Hibernating Squirrels Provide Clues for Stroke, Parkinson’s

A compound that enables squirrels to hibernate may one day help minimize brain damage that results from stroke, according to a researcher at the Medical College of Georgia and Veterans Affairs Medical Center in Augusta.

In an animal model for stroke, delta opioid peptide reduced by as much as 75 percent the damage to the brain’s striatum, the deeper region of the brain and a major target for strokes, according to Dr. Cesario V. Borlongan, neuroscientist.

In fact, evidence suggests that the compound, which puts cells in a temporary state of suspended animation, may help protect brain cells from the ravages of Parkinson’s disease as well.

“When the animals were introduced to an experimental stroke, then injected with delta opioid peptide, we could see a reduction in the damage done by stroke; brain damage is reduced and the neurological deficits associated with stroke are definitely reduced,” Dr. Borlongan said.

More extensive animal and human studies are needed but Dr. Borlongan said the peptide, which occurs naturally in man and may play a role in the body’s effort to protect the brain, should one day minimize stroke damage.

His stroke work garnered the International College of Geriatrics Psychoneuropharmacology Award presented this month at the college’s annual meeting in Barcelona, Spain.

The original insight about squirrels and delta opioid peptide came from work by Dr. Tsung-Ping Su at the National Institutes of Health. In the 1980s, Dr. Su was studying hibernation and found increased levels of the compound. Dr. Su also found that when he gave non-hibernating squirrels more of the compound, the previously hyperactive critters began hibernating even in the summer.

Although there’s no hard evidence that humans hibernate, they do have endogenous levels of delta opioid peptide that Dr. Borlongan believes may play a role in natural protective mechanisms.

During hibernation, levels of the peptide increase and the metabolic rate and energy demands of the entire animal drop dramatically. That led Dr. Borlongan to wonder if that same state might help protect brain cells specifically. “Our thinking here is that if we take this drug, probably brain cells are going to go into this mode of hibernation. So if you get a stroke or some other neurological disorder, most of the brain cells will be protected.”

When Dr. Borlongan gave high doses of the compound to the animal model for stroke, the rats — which are not known to hibernate — looked sleepy in the hours following but recovered dramatically. In fact, at least in rats, the levels of endogenous peptide increased immediately following a stroke, which makes him suspect that the levels may also increase in humans.

Patients who receive more of this compound in the hours after stroke — much as many now receive TPA or aspirin — may get significant protective benefits. “The oxygen needs were dramatically reduced: that is how it works to protect the brain,” Dr. Borlongan said of the animal cells.

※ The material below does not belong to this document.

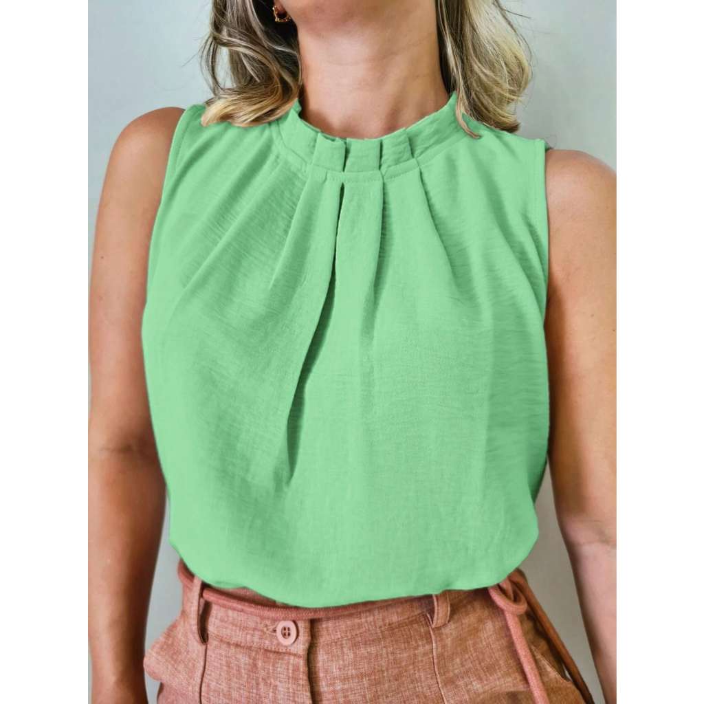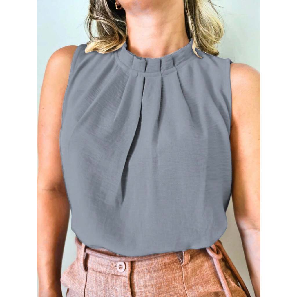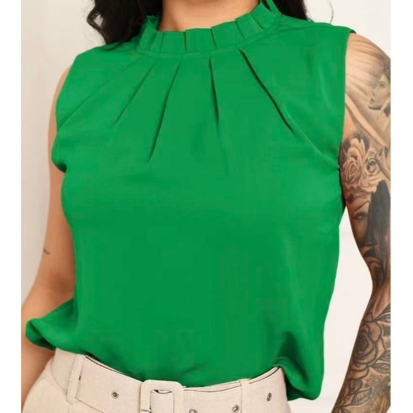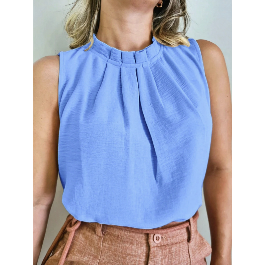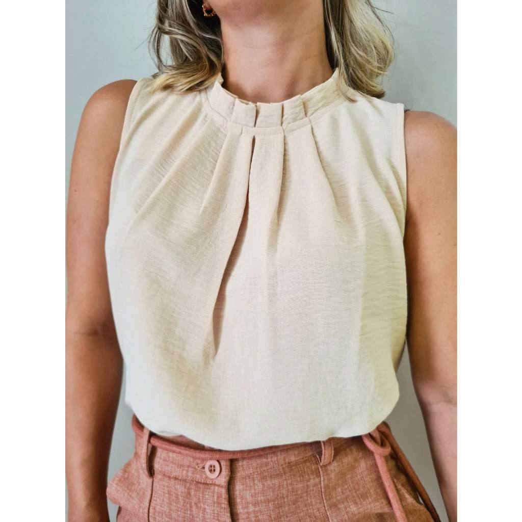 Regata social Feminina tecido duna gola alta com botão na costa 8001

To study the role in Parkinson’s, he put varying levels of delta opioid peptide into a culture containing dopaminergic cells, which produce dopamine, a key cell communicator deficient in Parkinson’s. He found that those that got the most peptide survived the longest. In an animal model for the disease, the reduction in dopamine levels was far less in the animals receiving the highest doses of delta opioid peptide.

These findings, presented at the Barcelona meeting and reported partially in the journals NeuroReport and Cell Transplantation, point to the potential of the compound but also to the need for additional animal studies before moving toward clinical trials, Dr. Borlongan said.

One critical issue is that the animal model for stroke has only a single stroke and the majority of humans have a second stroke within months. One of his many goals is to develop a better animal model and see if compounds such as delta opioid peptide and TPA can help patients avoid subsequent strokes.

Other issues that need study are potential side effects, such as how well do the cells function after hibernation; animal models were sleepy while getting the drug but they functioned well afterward, he said. “My feeling is that sleep could be a correlate of hibernation.”

The researcher believes this cell hibernation may have other roles as well, including slowing the aging process. Its potential for helping donated livers, hearts and kidneys remain viable longer until they are transplanted already is being explored by others in clinical trials.

Dr. Borlongan, who joined the MCG faculty in February after completing a senior staff fellowship at the NIH’s National Institute on Drug Abuse, had NIH support for his work prior to joining the MCG faculty. He now has a VA Career Development Award. Several grant applications are pending.

This summer he also received the Rafaelsen Fellowship Award from Collegium Internationale NeuroPsychopharmacologicum in Montreal for his work in brain-cell protection strategies and neural transplantation. And, he was recently elected a councilor for the American Society for Neural Transplantation and Repair.